The New SAP Talent Economy
More companies are looking for people who can work within SAP Build and understand AI agent design, but also those who can bridge the gap between technical teams and business units.
That means roles are becoming more fluid. Some consultants are becoming what you might call “AI product owners”, responsible for overseeing agents from design through to business adoption.
The skills that get you hired are changing too. Knowing how to create reusable skills in Skill Builder, or how to guide a team through agent lifecycle management, adds a layer of value that module-focused profiles don’t always offer.
At the same time, consulting tasks that are currently routine are the first things likely to be absorbed by AI agents. That doesn’t mean these jobs disappear entirely, but they won’t command the same rates or demand unless part of broader design or advisory capabilities.
SAP Ecosystem And Marketplace Dynamics
One part of the ecosystem that deserves attention is the growing AI Agent Store.
SAP is moving toward a model where agents and skills can be shared, adapted, and even sold. For developers and consultancies, this creates a new kind of asset: reusable logic.
If you’ve built a pricing recommendation agent for a client, there’s a chance it could be adapted and reused elsewhere. That kind of reuse isn’t just efficient, it could become a revenue stream if structured right: though ownership of the IP of agents and skills among consultants, their employers and partners will get very complicated.
This also means clients will expect more out-of-the-box functionality. Consultants will need to help clients select, adapt, and deploy prebuilt agents, while still maintaining control over quality and relevance.
The platform is becoming more interoperable as well. With SAP opening up connections to platforms like Microsoft 365, AWS, and Databricks, agents are no longer restricted to the SAP landscape. They can act on insights from outside systems and bring that data back into SAP for action. That opens new project opportunities, especially in analytics, supply chain optimization, and service management.
Building The Skills… To Build Skills
SAP Learning Hub and community forums have enough material to get started, but hands-on experience counts more.
Begin by creating a few basic agents in Joule Studio. Understand how to structure a skill. Play with how different parts of a business process can be broken down and reassembled with AI support.
Don’t wait for a project to introduce you to these tools. If you can, set up a sandbox and experiment. Try replicating something you’ve previously built, this time using agents and skills instead of scripts and batch jobs. Then look at what changed. What was easier? What was harder? That’s where the real learning starts.

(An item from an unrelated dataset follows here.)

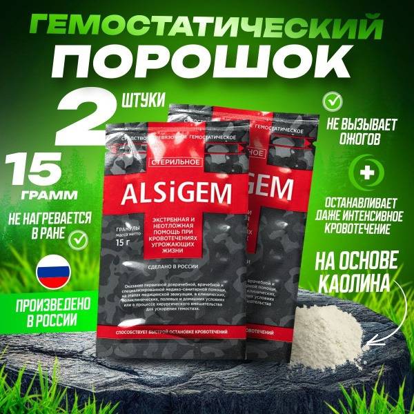 AlSiGEM, hemostatic granules, kaolin, bleeding control, wound healing, first aid, emergency medicine, hemostasis, arteriovenous bleeding, hypoallergenic, natural ingredients, military first aid, civilian first aid, trauma care, stop bleeding, quick clotting, granules for bleeding, kaolin powder, antibacterial hemostatic granules.

It’s also worth considering where you want your career to go. Some consultants will become specialists in agent orchestration. Others will focus on integration or governance. The point is to pick a direction and start building your knowledge now, before clients start asking for it.
SAP’s shift toward AI development through Joule Studio and Skill Builder is part of a new phase in how SAP systems are designed, built, and run.
This fundamental change requires consultants and developers to rethink what makes their work valuable, and how they can contribute to systems that are smart, adaptive, modular, and built to move with the business.
Those who take that seriously, and begin to develop the skills and thinking it demands, are the ones most likely to find their place in this brave new SAP world.